A leading PCB (Printed Circuit Board) manufacturing company specializing in high-mix, low-volume production for various industries, including automotive, aerospace, and consumer electronics. The company operates on a make-to-order basis, with each design differing significantly, which results in frequent changes to manufacturing processes, routing, and resource allocation. With a focus on delivering complex and custom PCB solutions, the company faced challenges in maintaining production efficiency and effectively planning resources for every unique order

Challenges

• Dynamic Production Requirements: Due to the make-to-order nature of the business, every project had unique design specifications, leading to frequent adjustments in manufacturing processes, machine setups, and routing.

• High-Mix, Low-Volume Complexity: The constant shift between different product designs resulted in inefficient use of resources, long cycle times, and difficulties in planning.

• Inconsistent Planning and Scheduling: Traditional planning methodologies were not suitable for the varying lead times and resource needs of R&D and production jobs.

• Lack of Standardized Work: The absence of a standardized framework for managing high-mix, low-volume production resulted in inconsistent output quality and process inefficiencies.
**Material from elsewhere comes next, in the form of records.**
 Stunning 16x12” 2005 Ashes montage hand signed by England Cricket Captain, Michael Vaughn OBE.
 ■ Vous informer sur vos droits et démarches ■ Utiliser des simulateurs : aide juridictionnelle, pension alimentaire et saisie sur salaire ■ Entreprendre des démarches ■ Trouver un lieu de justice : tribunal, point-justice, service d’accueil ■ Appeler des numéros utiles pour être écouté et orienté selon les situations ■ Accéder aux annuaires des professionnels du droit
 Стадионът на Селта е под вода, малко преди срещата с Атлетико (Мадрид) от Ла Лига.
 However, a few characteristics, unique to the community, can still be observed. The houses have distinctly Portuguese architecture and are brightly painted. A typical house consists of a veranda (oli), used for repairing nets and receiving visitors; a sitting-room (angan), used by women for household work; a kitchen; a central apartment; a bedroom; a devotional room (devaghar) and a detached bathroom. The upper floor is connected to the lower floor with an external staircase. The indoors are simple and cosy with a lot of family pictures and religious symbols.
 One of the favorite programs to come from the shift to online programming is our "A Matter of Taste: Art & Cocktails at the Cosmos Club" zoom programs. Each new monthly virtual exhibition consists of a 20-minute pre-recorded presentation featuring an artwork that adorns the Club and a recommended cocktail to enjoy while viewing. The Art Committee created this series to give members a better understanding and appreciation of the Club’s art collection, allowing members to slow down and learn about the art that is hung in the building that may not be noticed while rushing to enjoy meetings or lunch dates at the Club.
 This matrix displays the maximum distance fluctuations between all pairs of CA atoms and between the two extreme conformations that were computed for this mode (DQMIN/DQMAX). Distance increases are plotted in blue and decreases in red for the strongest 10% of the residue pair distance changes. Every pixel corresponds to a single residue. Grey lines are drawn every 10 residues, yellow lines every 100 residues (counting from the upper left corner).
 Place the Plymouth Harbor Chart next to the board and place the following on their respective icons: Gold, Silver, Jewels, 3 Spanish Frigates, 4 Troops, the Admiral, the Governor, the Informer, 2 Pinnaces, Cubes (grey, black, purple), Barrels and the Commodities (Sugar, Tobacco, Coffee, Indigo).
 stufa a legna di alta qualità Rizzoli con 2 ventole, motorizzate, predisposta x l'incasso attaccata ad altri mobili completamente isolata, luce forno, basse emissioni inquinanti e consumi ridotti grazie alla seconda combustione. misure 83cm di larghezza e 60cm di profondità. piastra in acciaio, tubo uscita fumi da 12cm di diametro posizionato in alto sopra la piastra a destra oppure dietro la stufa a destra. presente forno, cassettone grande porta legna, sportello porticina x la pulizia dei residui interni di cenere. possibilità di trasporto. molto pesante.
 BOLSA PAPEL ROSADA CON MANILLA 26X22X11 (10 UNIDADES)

• Difficulty in Tracking Production Parameters: With over 100 production and engineering parameters to consider, the company struggled to identify the optimal routing and cycle times, leading to increased production costs and delays.

Solution

To address these challenges, the consulting team implemented Lean methodologies to optimize production planning, resource utilization, and process standardization.
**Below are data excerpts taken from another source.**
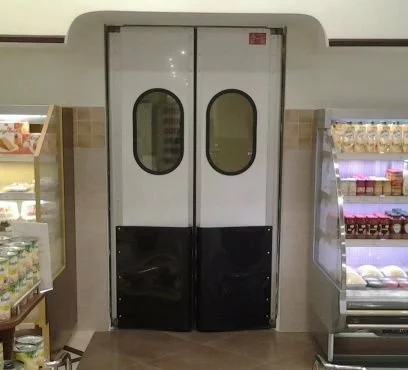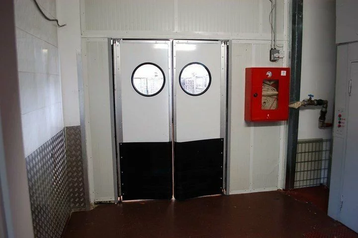Жорсткі Маятникові двері для підтримки стабільного температуро-вологістного режиму в будь-яких приміщеннях. Виготовлені з німецьких сендвіч-панелей (шар пресованого полістиролового пінопласту між двома шарами ударостійкого полівінілхлориду) на алюмінієвому каркасі. Від ударів штабелерами або візками полотно захищають відбійні листи з поліетилену.
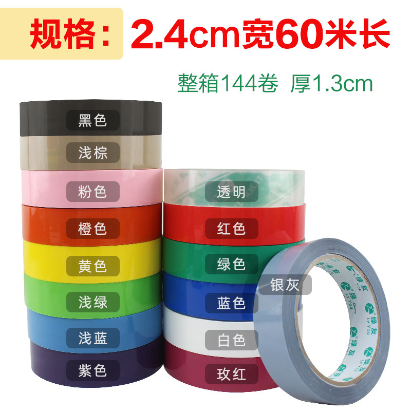 绿友粘球球胶带彩色透明窄胶带2.4cm宽粘球胶带大卷捆绑胶带
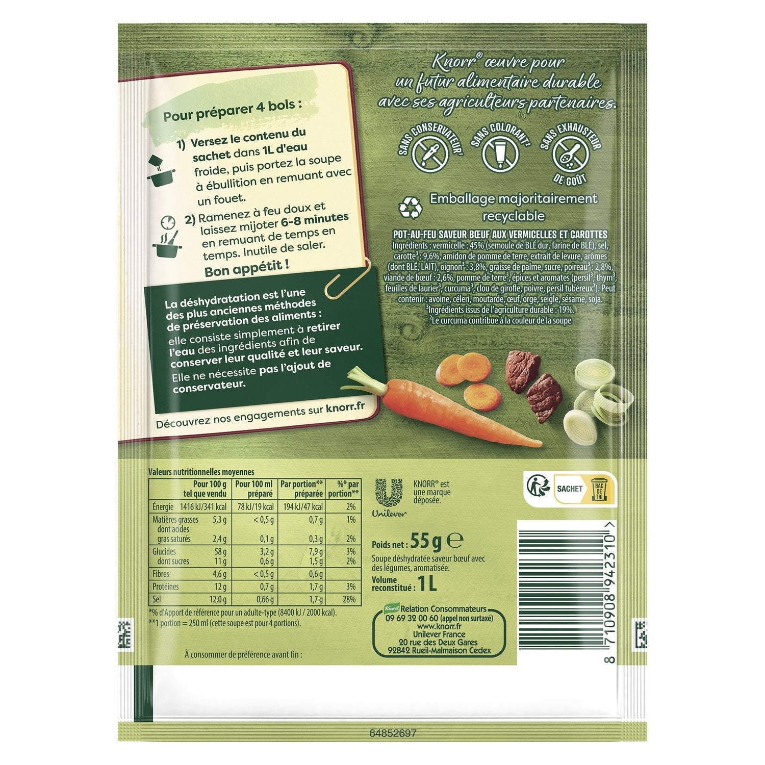 Discover the delicious Knorr® Dehydrated Beef Soup with Vermicelli, Nutri-score B.,Rediscover the taste of local recipes in these Knorr® dehydrated soups thanks to a blend of beautiful vegetables and quality ingredients.,A Nutri-score B dehydrated soup, without preservatives, colorings, or flavor enhancers.,Dehydration is one of the oldest methods of food preservation. To make this soup, the water has been removed from the ingredients to preserve their quality and flavor.,Contained in a recyclable bag, this format allows you to make 4 bowls of soup.,A comforting soup recipe ready in 6-8 minutes: pour the contents of the bag into 1 L of cold water then bring to a boil. Simmer for 6-8 min. It's ready!

1. Process Study and Value Stream Mapping (VSM):

   • Conducted a detailed study of existing production processes and mapped the current state using Value Stream Mapping to identify waste, bottlenecks, and areas of improvement.

   • Collaborated with the engineering team to categorize production parameters and develop a standardized template for capturing product specifications and process requirements.
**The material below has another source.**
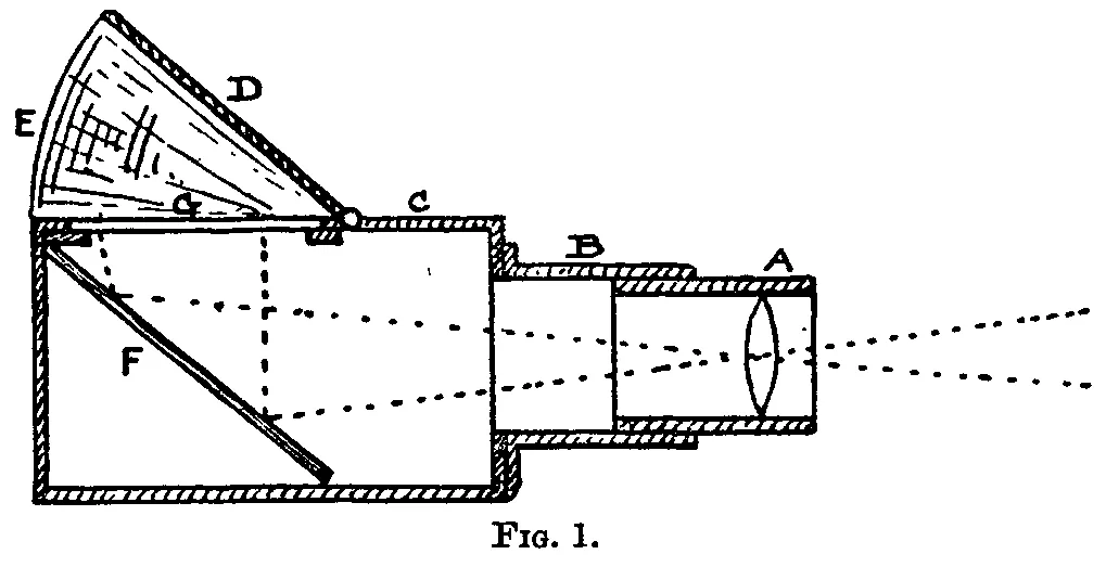 We shall first describe a small instrument, by means of which natural scenery and buildings can be focussed on to a screen and copied. A section of the complete instrument is shown at Fig. 1. The rays of light proceeding from some outside object, say a church in the near distance, pass into the camera through a lens contained in a sliding tube (A), by which it may be focussed on to a plain mirror (F), and thence reflected to a piece of ground glass (G), which is protected from the daylight by a hood or other darkening contrivance (D.) The observer sees the image by looking at (G.)

2. Lean Production Planning and Scheduling:

   • Introduced Lean production planning techniques, such as Kanban and Heijunka, to level out the production schedule and minimize fluctuations caused by varying product designs.

   • Implemented a dynamic scheduling system that could adapt to changes in design and production requirements, ensuring that machine routing and resource allocation were optimized based on real-time data.

3. Standard Work and Route Optimization:

   • Developed standardized work instructions for various process segments, creating a framework that could be quickly adapted to accommodate design changes without disrupting overall production flow.

   • Utilized Lean tools like SMED (Single-Minute Exchange of Dies) to reduce setup times and streamline transitions between different product designs.

   • Identified and documented optimal routing and cycle times for each product type, enabling better planning and resource allocation.

4. Continuous Improvement and Training:

   • Established a continuous improvement program to regularly review production processes and update standard work based on feedback from production and engineering teams.

   • Provided Lean training to shopfloor staff and engineers, promoting a culture of problem-solving and waste elimination.

Conclusion

By leveraging Lean methodologies and optimizing production planning, the PCB manufacturing company was able to double its productivity, streamline the handling of dynamic R&D jobs, and create a standardized framework for managing high-mix, low-volume production. These improvements not only enhanced overall efficiency but also provided the company with a sustainable model for handling complex and custom product requirements in a rapidly changing market.